Location
- Harefield Road Dundee, DD3 6SY Scotland 56°28′31″N 2°59′47″W﻿ / ﻿56.47528°N 2.99639°W

Information
- Motto: Ad Caelos "To the Heavens"
- Religious affiliation: Roman Catholic
- Established: 1931; 95 years ago
- Founder: Marist Brothers
- Local authority: Dundee City Council
- Acting Head Teacher: Wendy Sinclair
- Deputy Head Teacher: David Cecil Claire Lang Nicola White
- Staff: 90 (on an FTE basis)
- Gender: Co-educational
- Age: 11 to 18
- Enrolment: 1,285
- Houses: Dunkeld Jedburgh Melrose Balmerino Lindores
- Website: stjohnshigh.ea.dundeecity.sch.uk

= St John's Roman Catholic High School =

St John's Roman Catholic High School is a co-educational Roman Catholic state secondary school in Dundee, Scotland. Established in 1931 by the Marist Brothers, a religious congregation under the patronage of the Virgin Mary, it succeeded earlier Catholic post-primary educational provisions in the city.

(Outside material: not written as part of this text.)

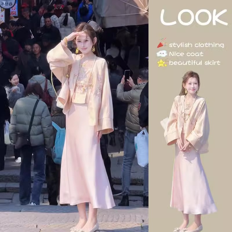 Setelan Wanita Gaya Cina Baru Gaya Cina Modis Musim Semi Model Baru Rok Sling Elegan Berkualitas Tinggi Set Tiga Potong
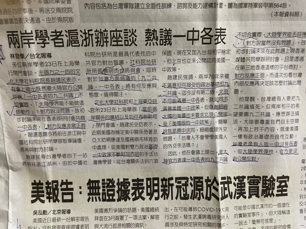 2023 年6 月25 日「中國時報」之「旺報」版有一篇報導「兩岸學者滬浙辦座談熱議一中各表」,引起呂律師的注意:

As of 2026, the school has an enrolment of approximately 1,285 pupils across S1 to S6. Although Catholic in outlook, it accepts pupils from all religious backgrounds. St John's receives the majority of its intake from six associated Catholic primary schools across west and central Dundee, and operates a pastoral house system named after historic Scottish abbeys.

The school delivers National Qualifications under Scotland's Curriculum for Excellence and is inspected by Education Scotland. Since 2012, St John's has also served as the regional Dundee hub for the Scottish Football Association's Performance School programme, combining academic study with elite youth football development.

== History ==
=== Founding and early years ===
The Marist Brothers arrived in Dundee in 1860, initially directing three Roman Catholic primary schools in the city (St Andrew's, Our Lady's Forebank, and St Joseph's), while secondary education for Catholic boys and girls was provided at Lawside Academy.

In 1916, managers of Dundee's Catholic schools invited the Brothers to establish a secondary school for boys, planning alterations to their house in Forebank. Although preparations were finalized by 1918, the implementation of the Education (Scotland) Act 1918 transferred diocesan schools to local education authorities, halting the original secondary plans.

In 1931, a new central school was established to cater to post-primary pupils not attending Lawside Academy. Named St John's (after John the Apostle), the school opened in buildings on Park Place previously occupied by Harris Academy, with the Marist Brothers taking administrative charge.

=== 1967 hostage incident ===

On 1 November 1967, 19-year-old former pupil Robert Mone entered a needlework classroom at St John's armed with a shotgun while absent without leave from the British Army. He held pregnant teacher Nanette Hanson and 26 pupils hostage for 90 minutes, during which he assaulted two pupils.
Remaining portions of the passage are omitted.